In the rare cases where scientists go the extra mile to enroll women, they face additional scrutiny from the Food and Drug Administration, which has strict rules for including women of childbearing age. Ultimately, most researchers just opt for the easiest route and enroll men, and collect their data on women only once the drug is on the market.

Two recent trials of long-acting injectable HIV drugs managed to recruit significant numbers of women (33 percent were female in one study, 23 percent in the other), most likely due to the promise of less frequent treatment, a big convenience for say, an overwhelmed mother.

“Patients lined up outside the clinic,” said Dr. Kimberly Smith, head of research and development at ViiV Healthcare, the company that led the research. Though in general, Smith said that trials in the United States struggle to enroll women because about 75 percent of the infected still are men.

In hopes of starting to address this disparity, Dr. Bruce Walker and his colleagues at the Ragon Institute of M.G.H., M.I.T., and Harvard have set up a group called Fresh in South Africa where nearly 2,000 young women in the Umlazi Township check in twice weekly for HIV testing. The researchers provide preventive therapy, but a small proportion of the women still become positive. Walker’s team have tracked these diagnoses from the start and plan to test cures in the group.

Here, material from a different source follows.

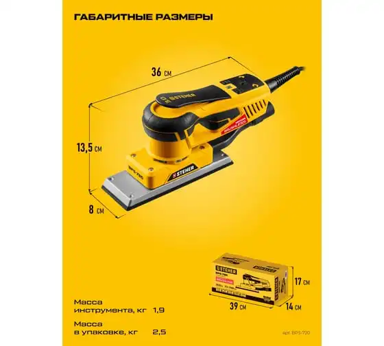 Бесщеточная плоскошлифовальная машина STEHER 70x198 мм, 300 Вт, 3 мм, BPS-720
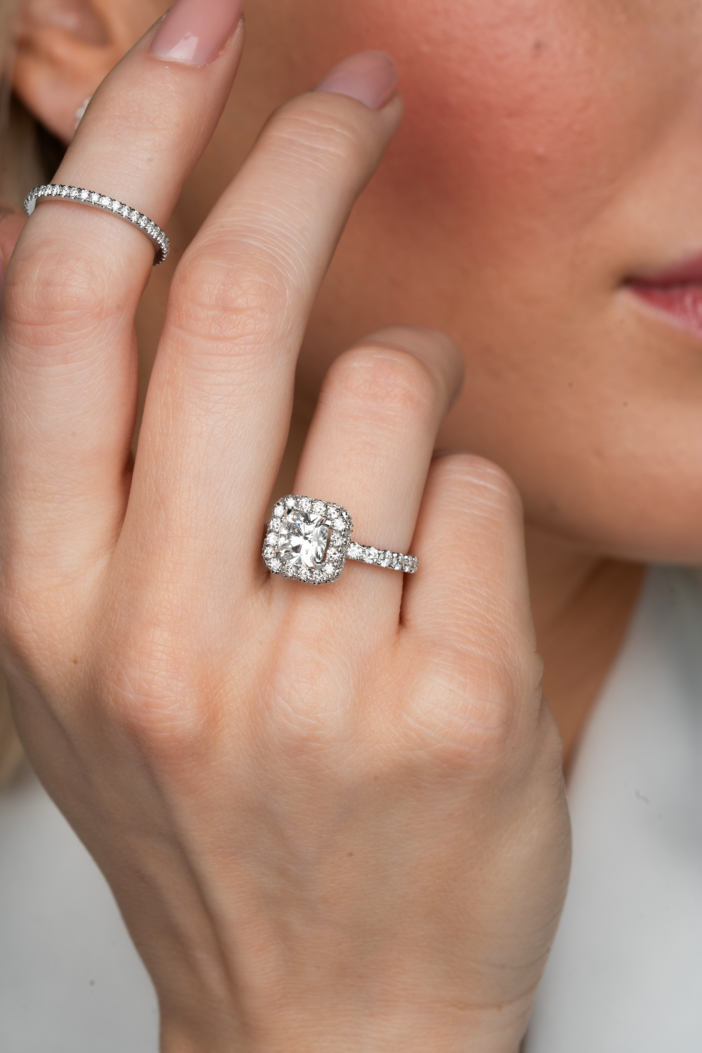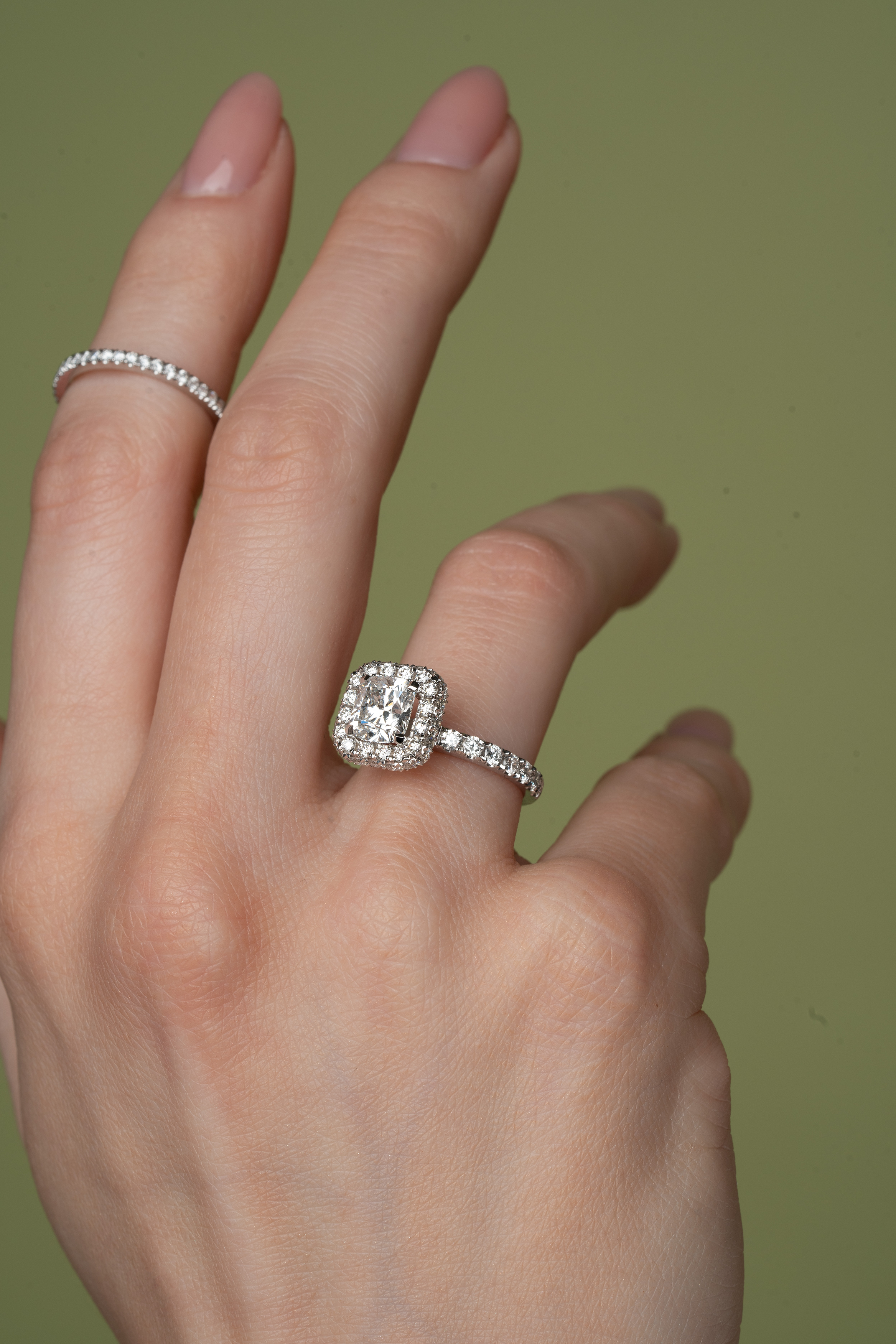 Modernaus dizaino, aukšto profilio bei kvadratinių formų halo stiliaus žiedas, kurio centre žėri 1,5 ct deimantas.

Still, it’s difficult to get scientists to take the need to enroll women seriously, said Dr. Eileen Scully, assistant professor of medicine at Johns Hopkins University. “Some of the hard scientists dismiss this type of discussion as being more socially determined, or some sort of women’s liberation thing,” she commented.

Scully led the only cure trial so far to focus solely on women, testing whether a drug that blocks estrogen makes it easier to kill HIV. To skirt the restrictions limiting participation by women of childbearing age, she and her colleagues recruited menopausal women. But these participants have lower levels of circulating estrogen, which may skew results. (The article made no mention of how transgender women and their hormone levels factor in research.)

Still, the team has already made one key discovery: “We were one of the fastest trials ever to enroll,” Scully noted. “Women are ready to be engaged.”